Your assignment: Output, exactly as written, the lines below from the one that has "Recent trends in" through the one that has "КОМПАКТЕН РАЗМЕР: Размерът"; nothing else, and no pictures.

Supplied records:
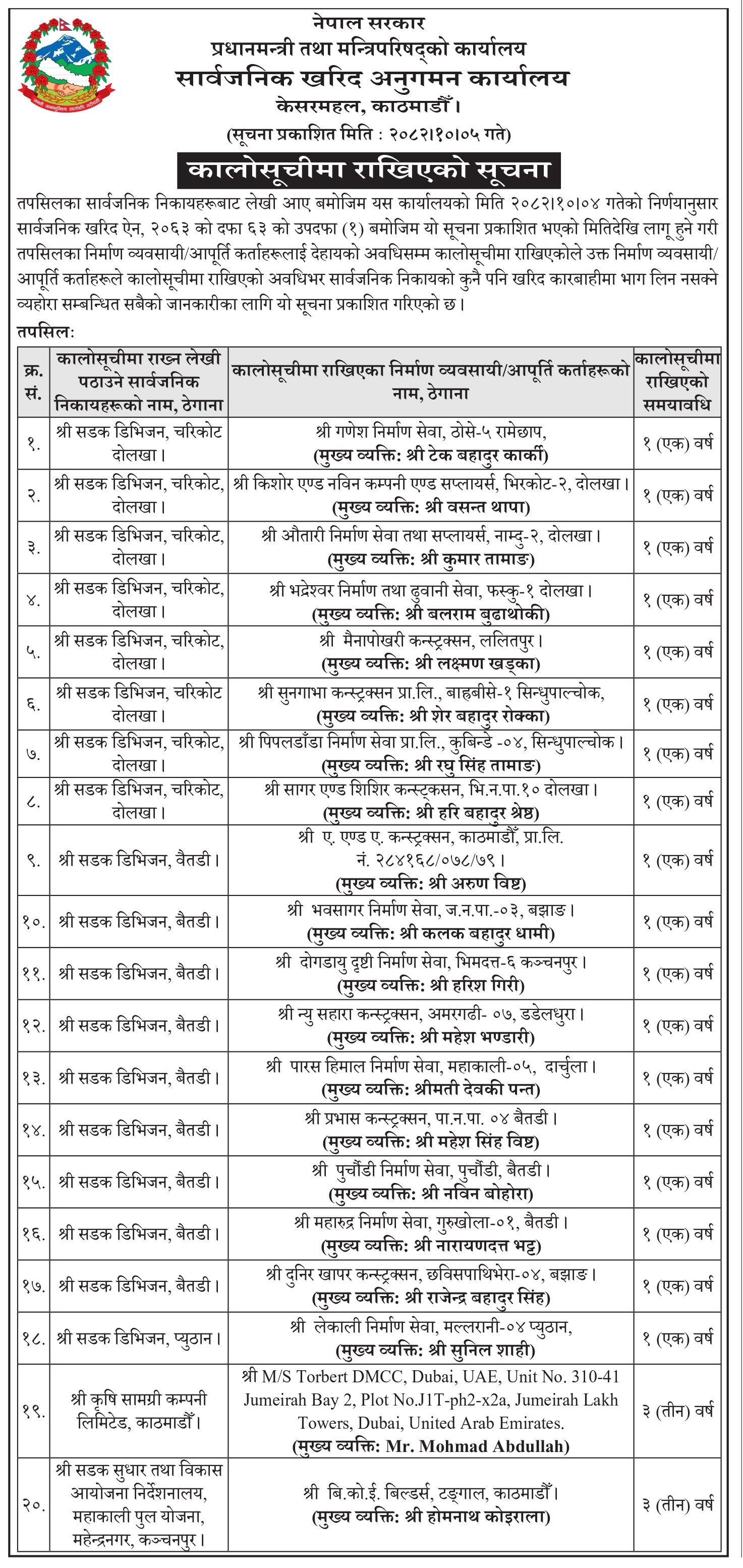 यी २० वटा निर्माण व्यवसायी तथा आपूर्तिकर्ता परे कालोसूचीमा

* * *

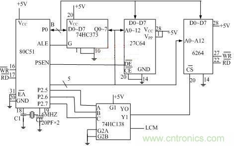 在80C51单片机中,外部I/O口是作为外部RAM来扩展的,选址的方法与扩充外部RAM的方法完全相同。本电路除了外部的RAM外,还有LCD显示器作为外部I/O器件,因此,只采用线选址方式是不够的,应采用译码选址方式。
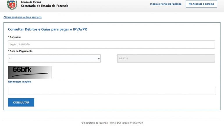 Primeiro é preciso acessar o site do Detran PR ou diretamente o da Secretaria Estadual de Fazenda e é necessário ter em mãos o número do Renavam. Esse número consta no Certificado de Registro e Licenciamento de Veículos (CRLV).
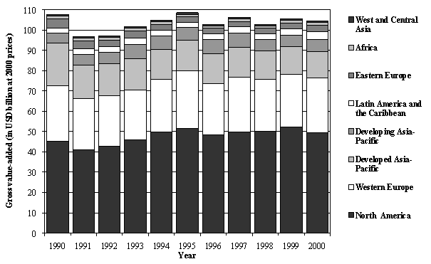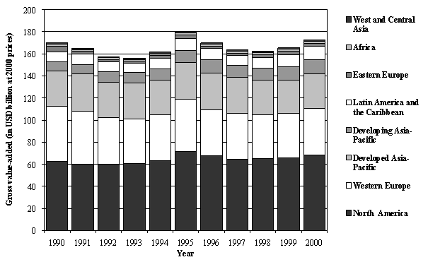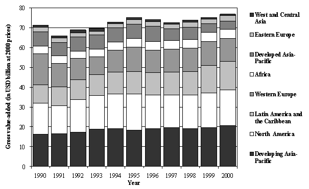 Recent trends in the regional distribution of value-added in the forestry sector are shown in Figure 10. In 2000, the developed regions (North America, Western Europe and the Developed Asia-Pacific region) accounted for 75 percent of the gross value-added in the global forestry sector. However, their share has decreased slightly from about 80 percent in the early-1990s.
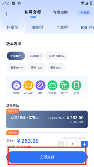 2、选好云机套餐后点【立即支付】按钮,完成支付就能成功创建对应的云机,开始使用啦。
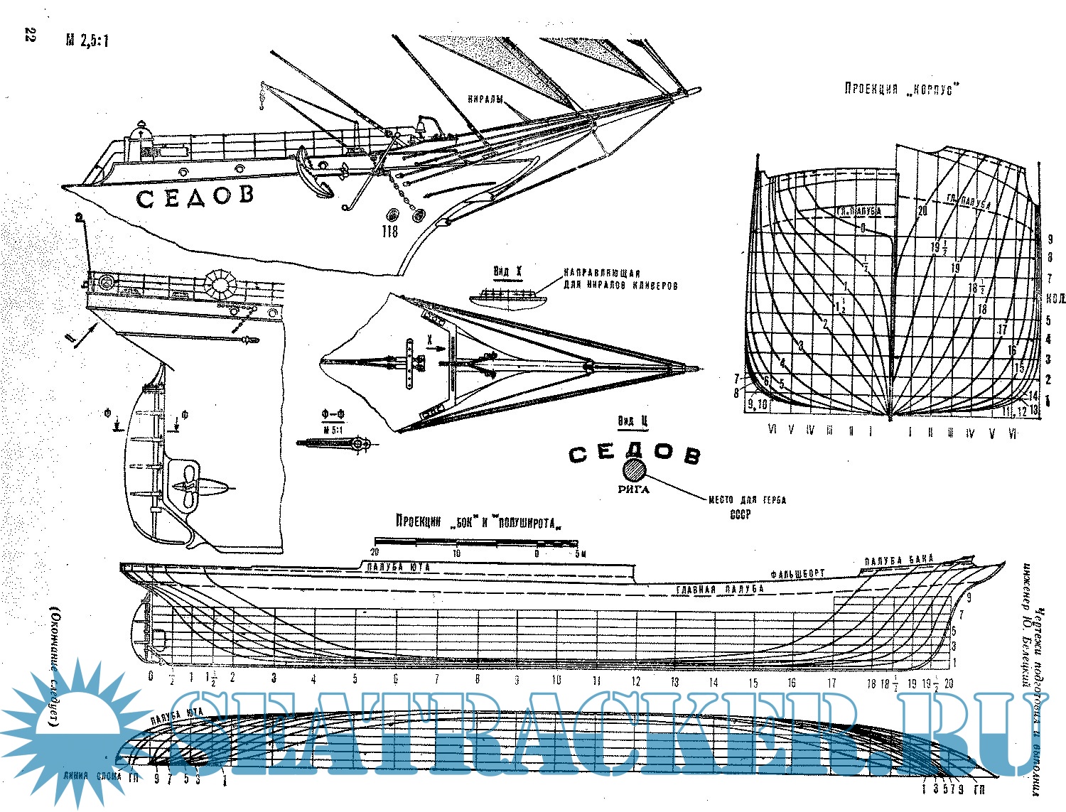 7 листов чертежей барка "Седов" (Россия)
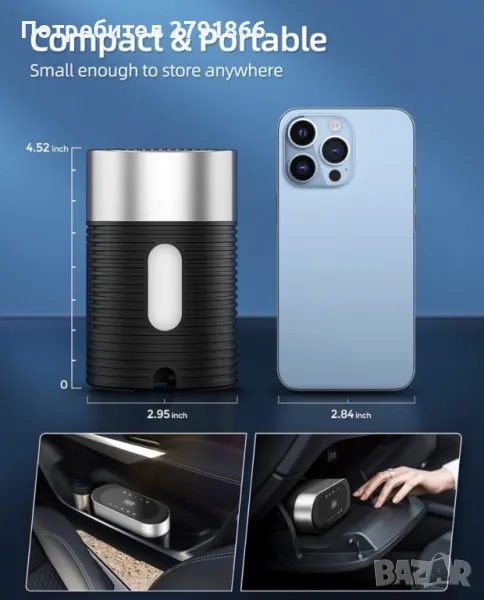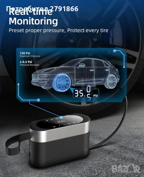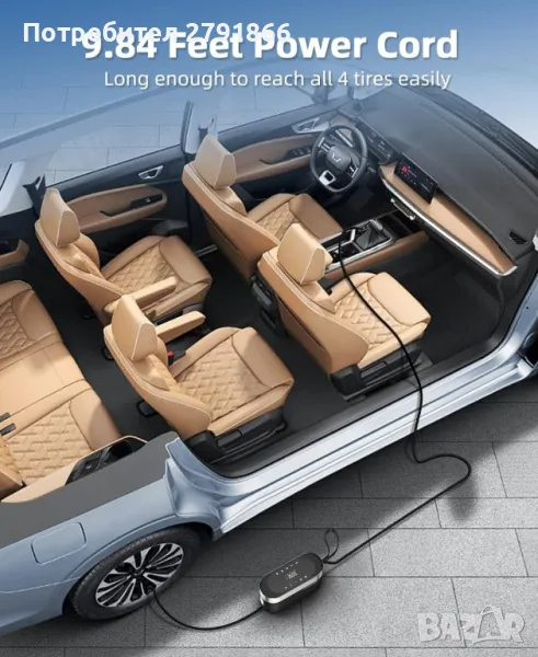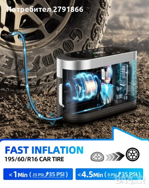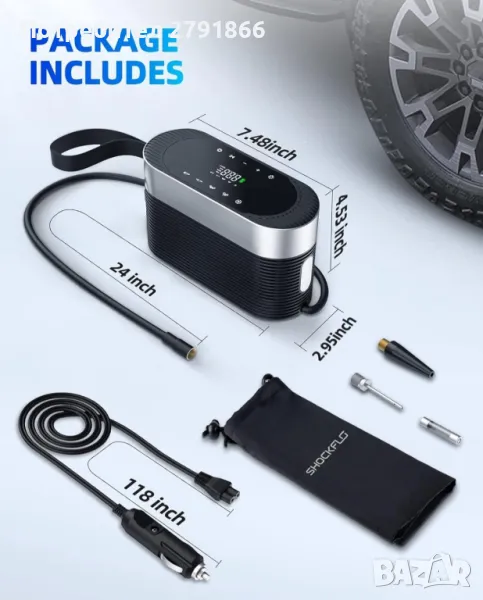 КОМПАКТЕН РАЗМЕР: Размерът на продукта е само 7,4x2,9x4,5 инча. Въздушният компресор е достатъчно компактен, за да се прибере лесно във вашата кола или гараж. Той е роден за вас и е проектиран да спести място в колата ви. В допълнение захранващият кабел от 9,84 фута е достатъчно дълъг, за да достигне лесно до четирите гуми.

Result of the exercise:
 Recent trends in the regional distribution of value-added in the forestry sector are shown in Figure 10. In 2000, the developed regions (North America, Western Europe and the Developed Asia-Pacific region) accounted for 75 percent of the gross value-added in the global forestry sector. However, their share has decreased slightly from about 80 percent in the early-1990s.
 2、选好云机套餐后点【立即支付】按钮,完成支付就能成功创建对应的云机,开始使用啦。
 7 листов чертежей барка "Седов" (Россия)
 КОМПАКТЕН РАЗМЕР: Размерът на продукта е само 7,4x2,9x4,5 инча. Въздушният компресор е достатъчно компактен, за да се прибере лесно във вашата кола или гараж. Той е роден за вас и е проектиран да спести място в колата ви. В допълнение захранващият кабел от 9,84 фута е достатъчно дълъг, за да достигне лесно до четирите гуми.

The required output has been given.